Jasper's door was open when they reached it, the man himself leaning against the frame in short sleeves and jeans, his feet bare. He hadn't changed, had the same easy way of holding himself, the same generous smiling mouth and the strangest eyes she'd ever seen on a person: one, the green of a new spring leaf and the other a deep, warm sard.

“Sight for sore eyes, sweetheart.” He raised one long arm, pulled her into a half hug. “Ain't seen you in a year and here you show up with vivens mortua in tow.”

“I know,” she said. “I'm sorry. We need your help. Because this is something more than just vivens mortua.”

“I had figured.” He turned his eyes to Michael, who stood several feet back, seemingly trying (and failing) to blend with the wall. “You, your memory's lost. Gone patchy?”

“I only get flashes,” Michael whispered.

Jasper nodded as if he'd confirmed something and gestured them inside with a sweep of his arm. “Come on. I'll tell you your memories in no time. And maybe a little more.”

From anyone else, it would've sounded conceited, but from Jasper it was simply a statement of fact.

Eva took a seat in the recliner as Jasper pushed Michael onto the couch, dropped easily onto the coffee table across from it.

“Whatever flashes you remember,” Jasper said, “focus on those. It'll help."

Michael nodded, a roil of silver smoke curling around his head.

Jasper leaned forward, placed his hands on either side of Michael's head, fingertips pressing into the dead man's temples.

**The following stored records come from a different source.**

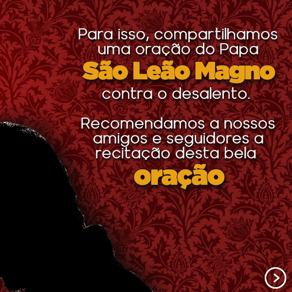 Com efeito, a tentação de desanimar existe e necessita ser combatida com todas as armas espirituais, como a penitência e a oração. No que diz respeito a esta última forma de combate, transcrevemos abaixo uma eficaz oração do grande Papa São Leão Magno – cuja memória a Igreja celebra em 10 de novembro – contra o desalento. Recomendamos a nossos leitores, amigos e membros do Apostolado do Oratório a recitação desta bela oração.
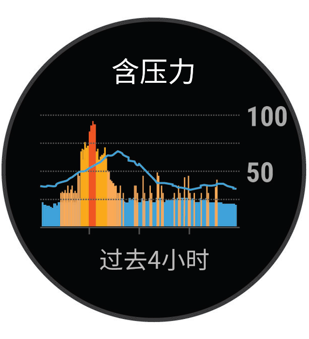 蓝色代表休息期间、橘色代表压力期间,灰色则代表太过活跃,无法侦测压力等级。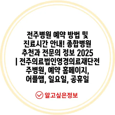 ✅ 전주병원 예약 방법과 진료시간을 쉽게 알아보세요!
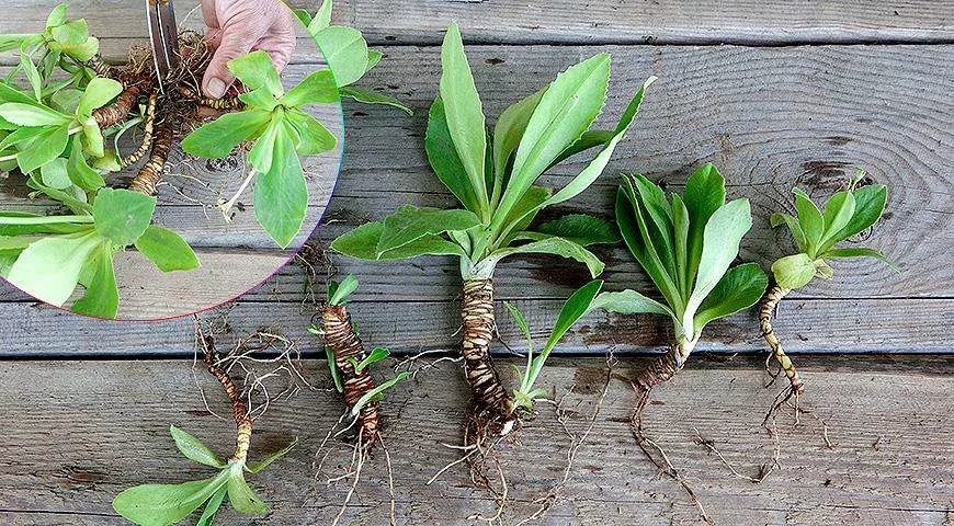 Para enraizar, las rosetas deben colocarse en las ranuras. Se requiere que el musgo sphagnum cortado se coloque en su parte inferior. Las raíces aparecerán muy rápidamente, en medio mes. Luego, el esqueje se planta en una maceta. Su diámetro no debe ser grande. La maceta se coloca en un invernadero frío durante la primavera. Además, se lleva a cabo un trasplante a un lugar permanente. Las rosetas plantadas en el suelo durante el período invernal están cubiertas de hojas.
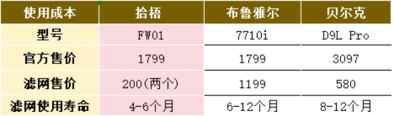 拾梧 FW01:整机售价1799元,滤网为双件装售价约200元,单次使用寿命4–6个月。以一年计算,更换2–3次即可,平均年度维护成本在几百元以内,整体投入最低,适合预算有限且需要高频使用的用户。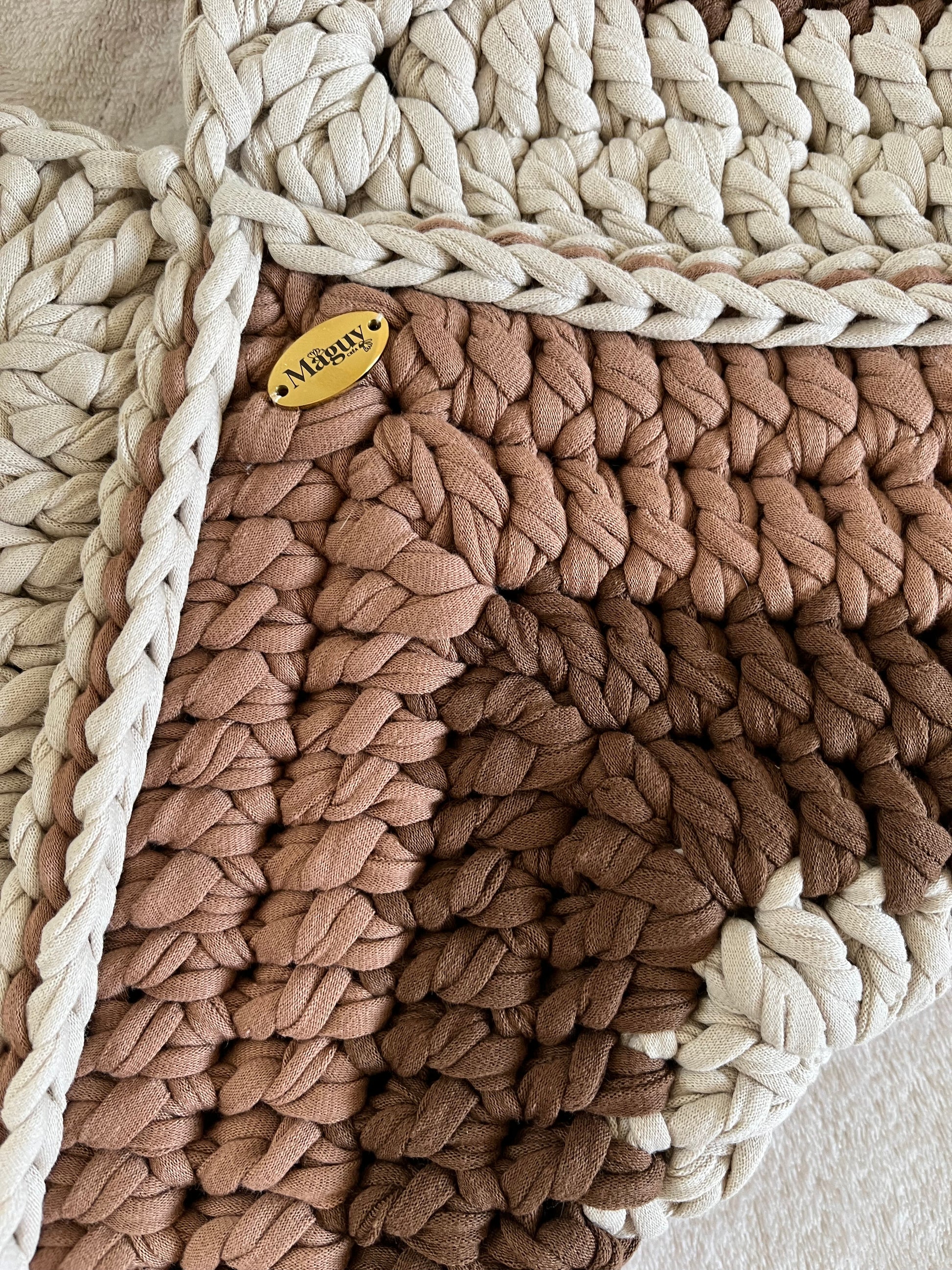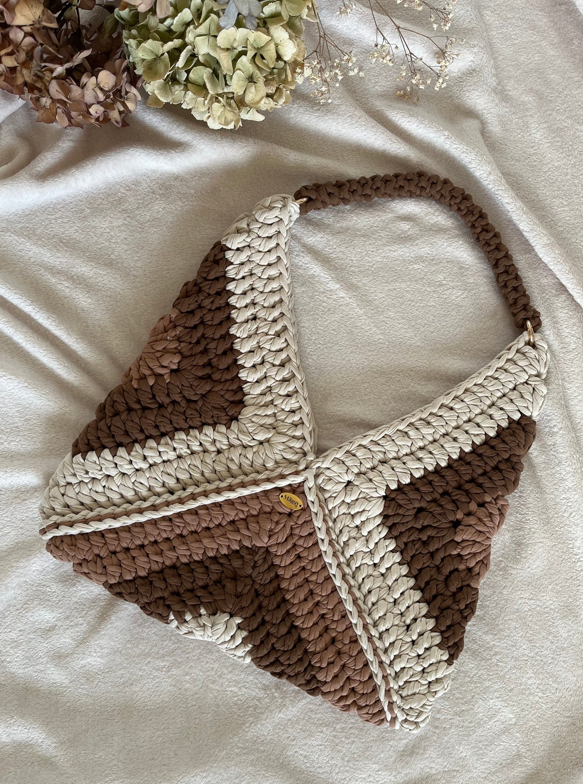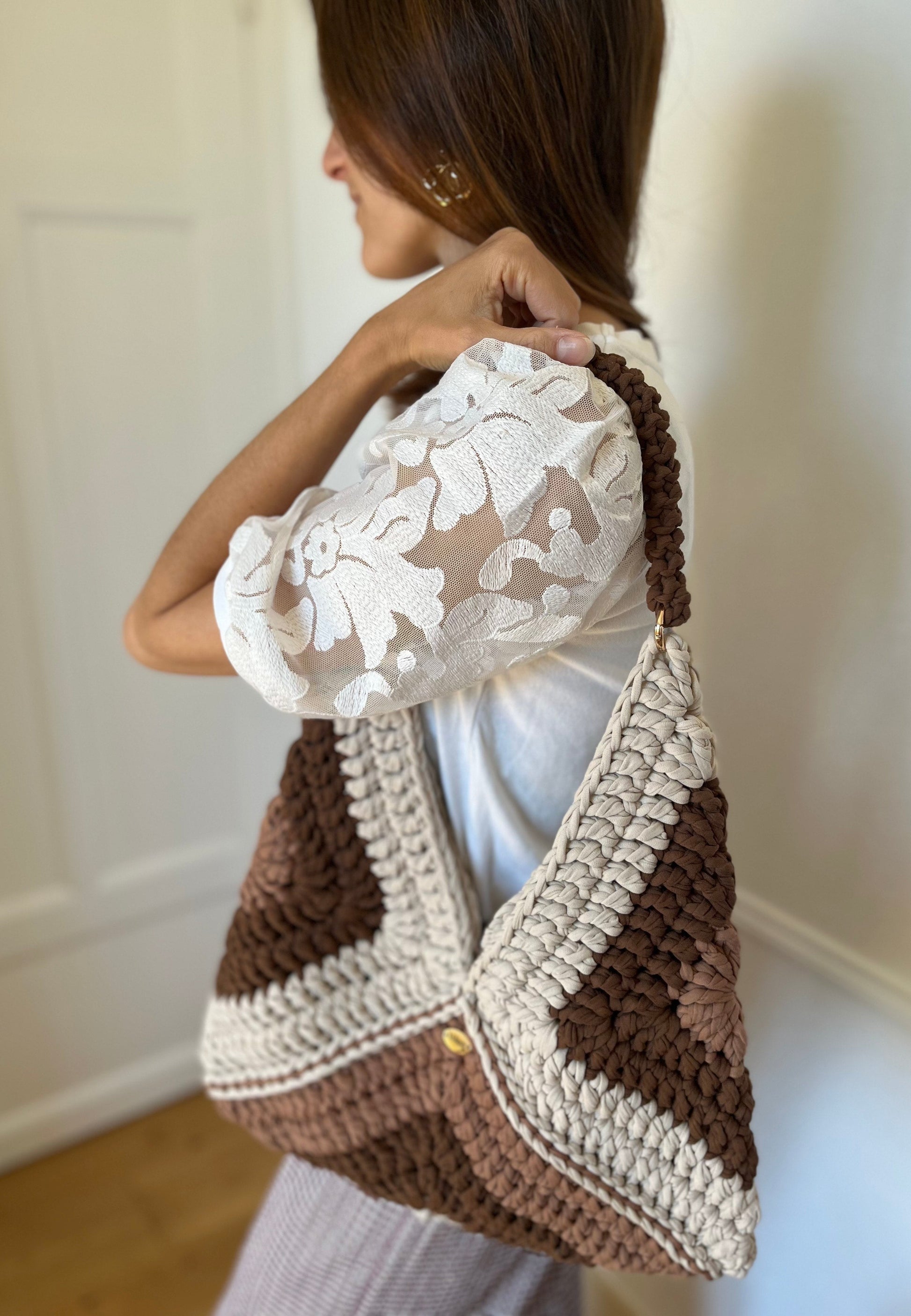 Ce sac carré granny en version tricolore marron est entièrement crocheté à la main, avec un fil T-shirt certifié GRS et OEKO-TEX. Une matière souple et légère, parfaite pour les beaux jours, douce pour vous et pour la planète 🌍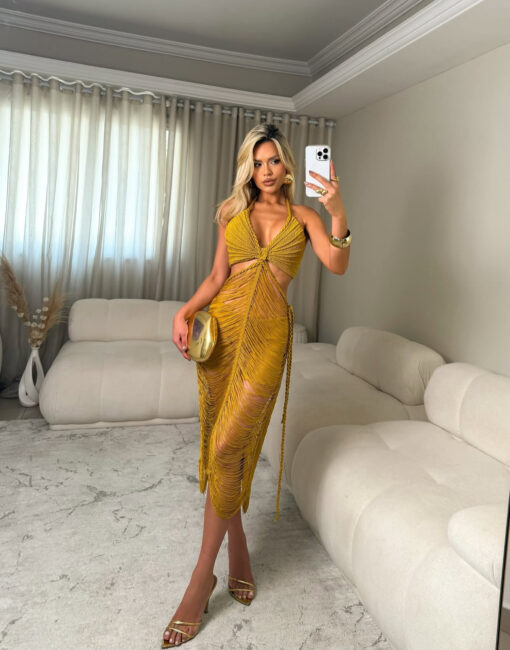 Brilho, movimento e sofisticação — o Vestido Búzios é a tradução perfeita do glamour tropical.

If this were a television show, Eva thought, they would be in for something dramatic right about now. Jasper's already strange eyes rolling back in his head until you could see nothing but the whites, a strange glow revealing their mental connection, Michael crying out in pain as his memories, his spirit, was plundered.

There would be something more than these two men—granted one of them was dead, and the other one of the more powerful clairvoyants she'd met—sitting in silence, staring at one another.

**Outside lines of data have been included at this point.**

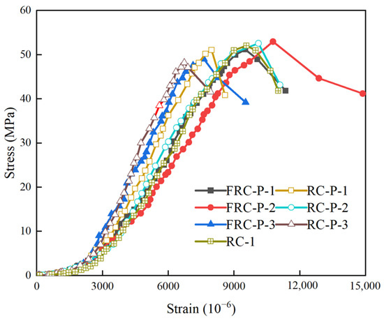 From the analysis of the specimens mentioned above, it can be observed that the RC precast shell composite columns exhibited typical diagonal crack-induced compression failure under axial compressive loading with severe damage, accompanied by significant concrete spalling and exposed reinforced bars. The columns exhibited brittle failure behavior. Even the conventional cast-in-place reinforced concrete specimen RC-1 showed diagonal crack failure, along with substantial concrete spalling and exposed reinforced bars. In contrast, the columns with R/ECC precast shells, due to the strain-hardening characteristics and superior deformation capacity of ECC material, provided additional confinement to the post-cast concrete inside the column. At the final failure stage, specimens FRC-P-1 and FRC-P-2 did not exhibit spalling of the ECC material, and the overall integrity of the specimens remained good. For specimen FRC-P-3, which had the lower stirrup ratio, the damage was more severe, only limited to the middle part of the specimen, with minor cracks appearing at the upper and lower regions of the column. Failure analysis revealed ductile characteristics in the R/ECC precast monolithic composite columns. Since the ECC material exhibited greater strain capacity at peak compressive stress compared with conventional concrete, the R/ECC precast shell ultimately developed transverse cracks due to the compressive failure of the post-cast concrete inside the column.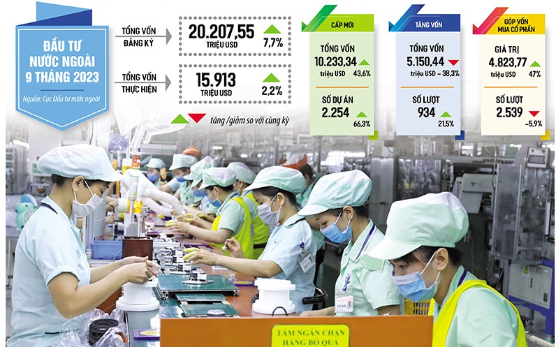 | Bức tranh thu hút đầu tư nước ngoài năm 2023 thêm sáng màu khi vốn nước ngoài đăng ký vào Việt Nam tiếp tục tăng. Trong ảnh: Dây chuyền lắp ráp linh kiện điện tử của Công ty Foster tại Bắc Ninh. Ảnh: Đức Thanh. Đồ họa: Đan Nguyễn |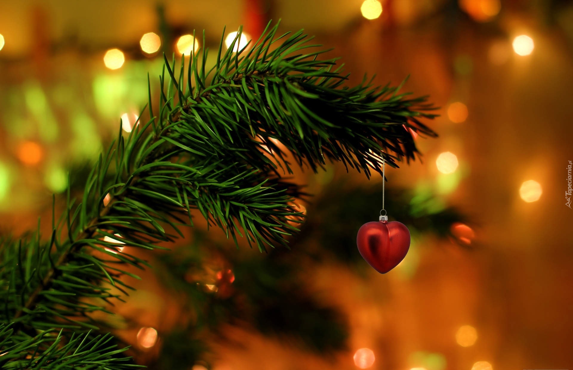 Edytor tapety: Czerwona bombka w kształcie serduszka wisi na gałązce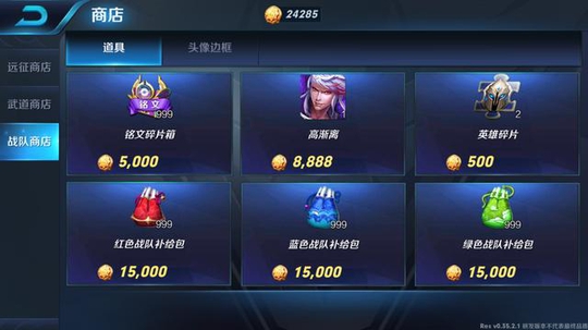 战队商店中还新增了英雄碎片,结合上次更新的内容,战队商店总共有3种五级铭文、高渐离,以及铭文碎片礼包。五级铭文是随机获得,而价格比几乎跟铭文碎片礼包差不多,所以这个五级铭文没有丝毫用处,如果是定价15000战队币,完全没有必要去兑换,直接兑换铭文碎片礼包更划算。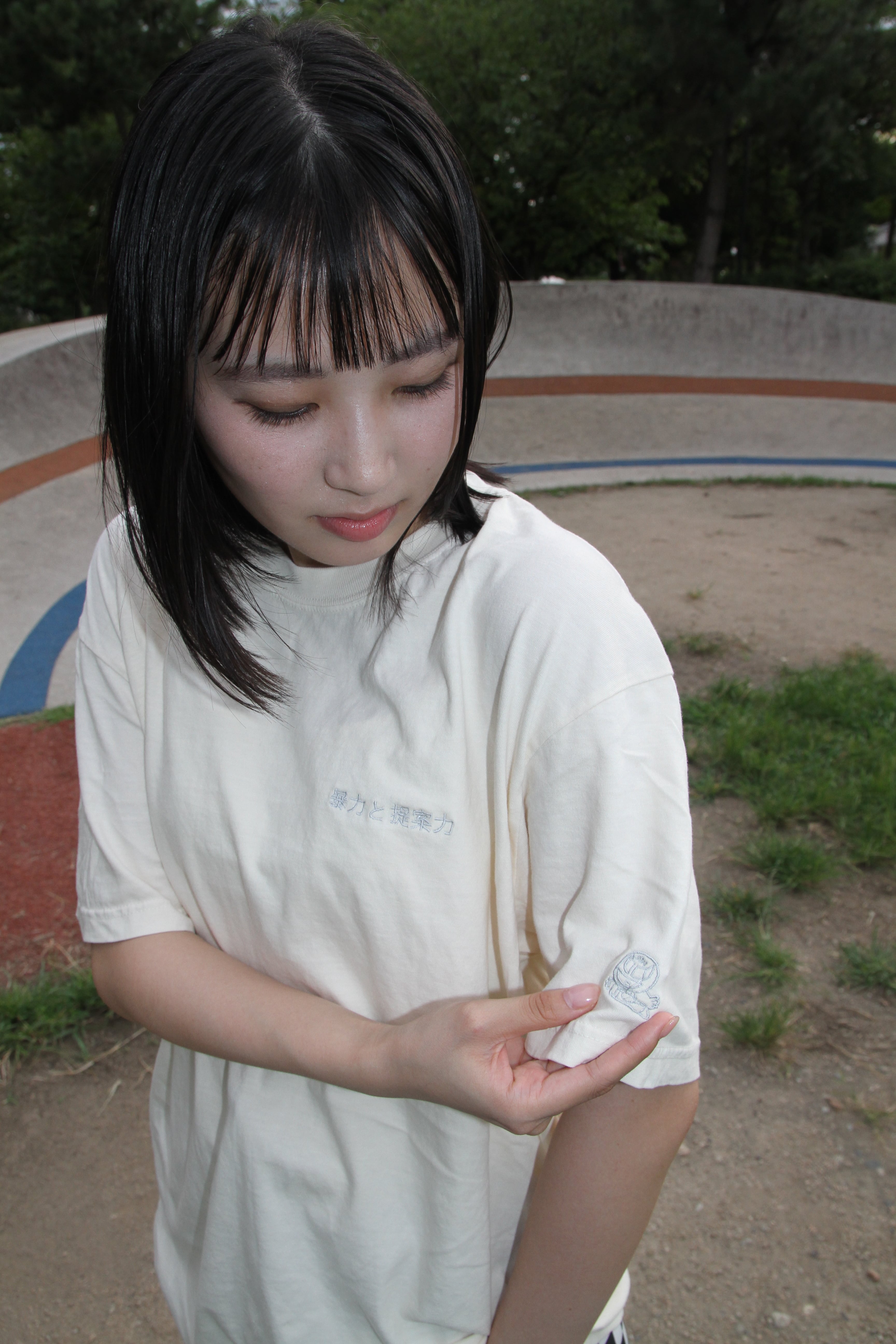 完売御礼_刺繍こなれTee「暴力と提案力(アイボリー)」

It was a few minutes more before Jasper blinked, drew back. “Shit.”

“What is it?” Eva said.

“Well, you were right,” Jasper said, glancing at her. “It's big.” He turned back to Michael. “You, my friend, are wearing the body of a convicted murderer.”

It only took me months to write the next part to this. The blame falls squarely on grad school. It's hard to get back into the fiction groove when you're writing educational and technical material. It's a different mindset. I just happened to have a moment in between writing proposals and design plans, so I went for it. Gotta keep the muscles in shape.

This is for the (week of Feb 23) Studio30Plus prompt "conceit" and the Light and Shade Challenge for February 25 (the picture at the top of the post). 

It may be a few more months until I see you again. (Thank you for sticking around.)